外国人バックパッカーや若年層の旅行客を中心に人気を集めている、宿泊施設「ゲストハウス」。近年では利用者の増加に合わせて施設数が増えており、三崎地区でも開業準備が進んでいる。滞在型観光の促進や雇用機会の創出、空き家問題解消などの利点があることから、地元では宿泊施設の少ない同地区の観光振興に期待の声があがっている。
ゲストハウスとは、宿泊料金が安価な簡易宿泊所をさす。ホテル・旅館とは形態が異なり、一般的に提供されるサービスや館内設備は必要最低限にとどめられている。相部屋や宿泊者が自由に利用できる共有スペースなどを有しているのも特徴で、利用者同士の交流、情報交換ができることが魅力のひとつとされている。

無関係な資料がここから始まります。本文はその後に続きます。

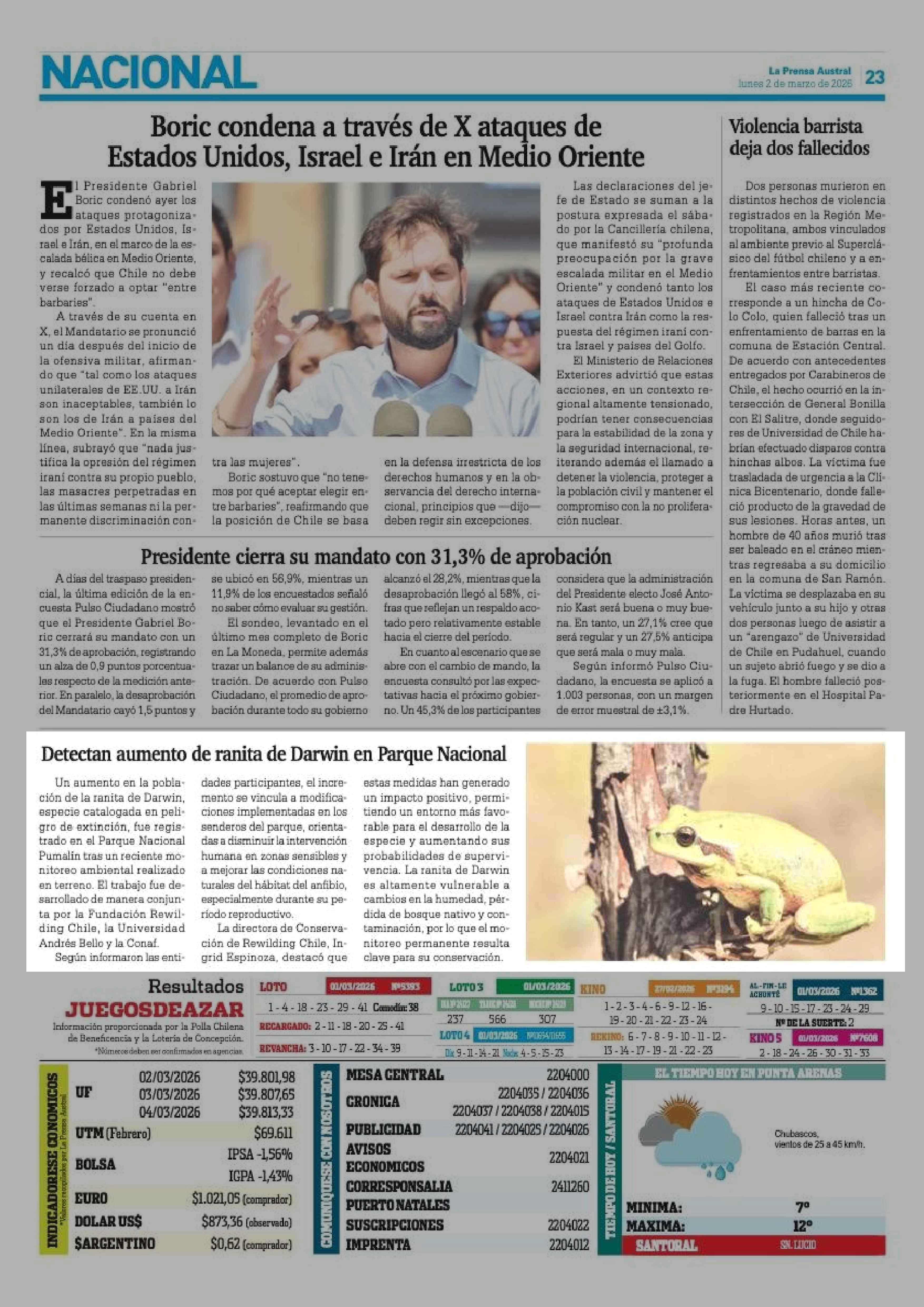 | Fecha: | 02-03-2026 | Sector: | Noticia general | Región: | Región de Magallanes y de la Antártica Chilena |

ゲストハウスは2000年に入ってから台頭。当初は沖縄や京都などで多く見られていたが、この数年で全国的に広まっている。未だ、「ゲストハウス=安宿」というイメージを持つ人も多いが、女性客やバイク・サイクリストといった多様化する利用者ニーズに対応した細やかなサービスを提供する宿、風情ある古民家を丸ごと改築した宿など趣向を凝らした施設が人気を得ている。
空き家解消に奏効
利用者の増加に比例するようにゲストハウスの開業も広がりを見せており、市内では特に三崎地区での開業準備が進んでいる。

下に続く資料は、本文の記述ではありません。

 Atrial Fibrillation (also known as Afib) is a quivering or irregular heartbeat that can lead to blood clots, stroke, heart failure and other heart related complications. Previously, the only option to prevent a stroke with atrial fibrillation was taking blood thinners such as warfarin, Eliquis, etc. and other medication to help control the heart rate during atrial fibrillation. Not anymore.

三崎港前に店を構える老舗酒店の山田屋酒店は、店舗の一部を改築した宿泊施設のオープンに向け、現在工事を進めている。入母屋屋根が特徴的で、およそ築90年の趣ある建物をリノベーション。今後、町家の宿として活用される予定だ。このようにゲストハウスの多くは既存の建物を改築・改修すれば再利用が可能なことから、全国的に顕在化している空き家問題の解消に注目が集まり、行政も熱い視線を注ぐ。
その一例として、京都市では「空き家活用・流通支援等補助金」という京町家のゲストハウス化の支援を盛り込んだ制度を創設。空き家を活かした積極的な地域再生を進めている。
宿泊客低迷が課題
都心から約1時間半というアクセスの良さが”諸刃の剣”となり、三浦を訪れる来遊客の大半が日帰り観光で占められる。年間500万を超える人が訪れるが、市の統計では宿泊客はそのうちの8分の1程度、過去10年、ほぼ横ばいで推移する。観光は農業・漁業に続く、三浦の基幹産業の1つ。市も「たくさんの来遊客が来るが、宿泊型になっていないことが市としても課題」との認識を示し、観光消費額の伸び悩みに苦慮する。
三崎での開業をめざす菊地未来さん(26・栄町在住)は、「観光・新体験・出会いを求める人が増え、(ゲストハウス基点の)地域活性化の可能性はある」とした上で「ビジネスとして成功させるには、周辺地域だけでなく国内外の様々な消費者の開拓も必要では」と話す。また、地元住民は「飲食店や商店での消費に繋がる。街も賑やかになるのでは」と話し、好影響に期待が寄せられている。